Carson City Correctional Facility (DRF)
- Interactive map of Carson City Correctional Facility (DRF)
- Location: Carson City, Michigan; 43°09′46″N 84°52′13″W﻿ / ﻿43.16268°N 84.87014°W;
- Status: Open
- Security class: Levels I, II, and IV
- Capacity: 1,246
- Opened: 1989
- Managed by: Michigan Department of Corrections
- Warden: Randee Rewerts
- Website: Official website

= Carson City Correctional Facility =

Prison in Carson City, Michigan

Carson City Correctional Facility (DRF) is a Michigan prison, located near Carson City, for adult male prisoners.

==History==
The prison was opened in 1989. In 1997, two gun towers were added to the facility to enhance security.

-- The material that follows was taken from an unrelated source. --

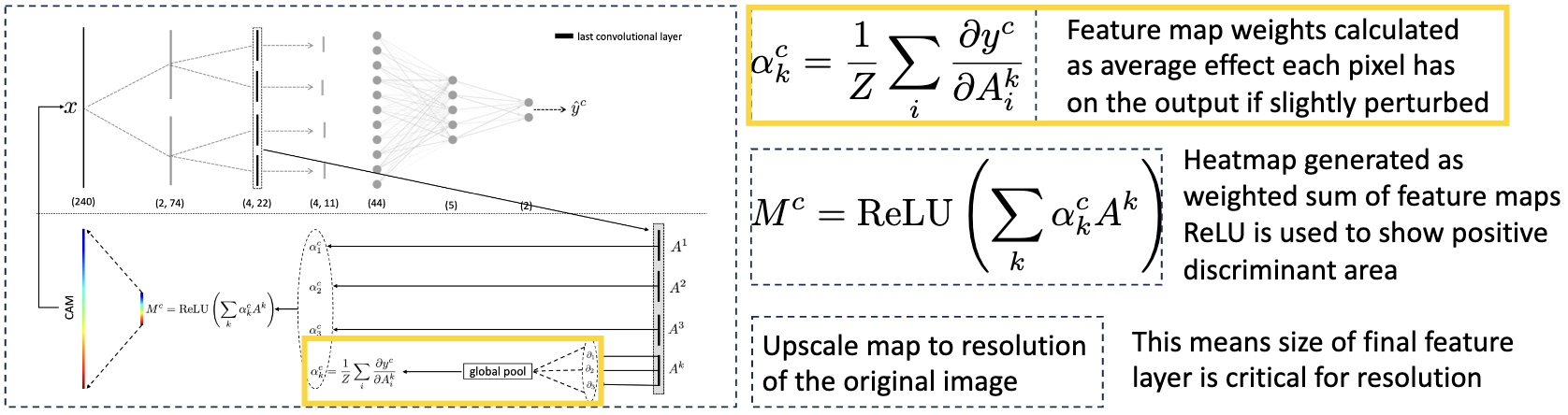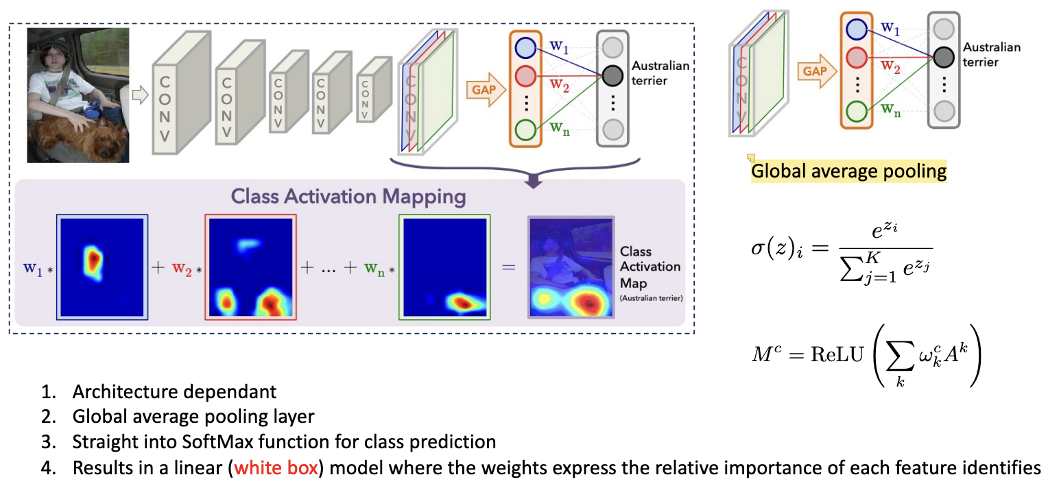 Frees up architecture constraints; Don’t have to compromise accuracy as final conv layer can go into any function, not just a SoftMax; Final feature map resolution dictates the graduality of the explanation; Tension between high level semantics and explanatory resolution; Cannot compare the intensity of final heatmaps between different instances; Still requires CNN.

On August 9, 2009, Boyer Road Correctional Facility was consolidated into Carson City Correctional Facility.

==Facility==
The prison has seven housing units used for Michigan Department of Corrections male prisoners 18 years of age and older. A 120-bed unit houses Level I (low security) prisoners. Three units, with 720 beds total, house Level II prisoners. Two units, with 384 beds total, house Level IV prisoners. There is also one housing unit with 22 beds used for segregating inmates from the general prison population. All housing units, except the one used for segregating prisoners, use bunk beds.

===Security===
The facility is surrounded by double fences with razor-ribbon wire and two gun towers. Electronic detection systems and patrol vehicles are also utilized to maintain perimeter security.

==Services==
The facility offers education programs and Level I prisoners may work, under supervision, on public work assignments in the area. Onsite medical and dental care is supplemented by local hospitals and the Duane L. Waters Hospital in Jackson, Michigan.

==Notable Inmates==
- Leslie Allen Williams - Murdered 4 women in the early 1990s.
- John Norman Collins - murdered 7 people in Michigan and California in the 1960s.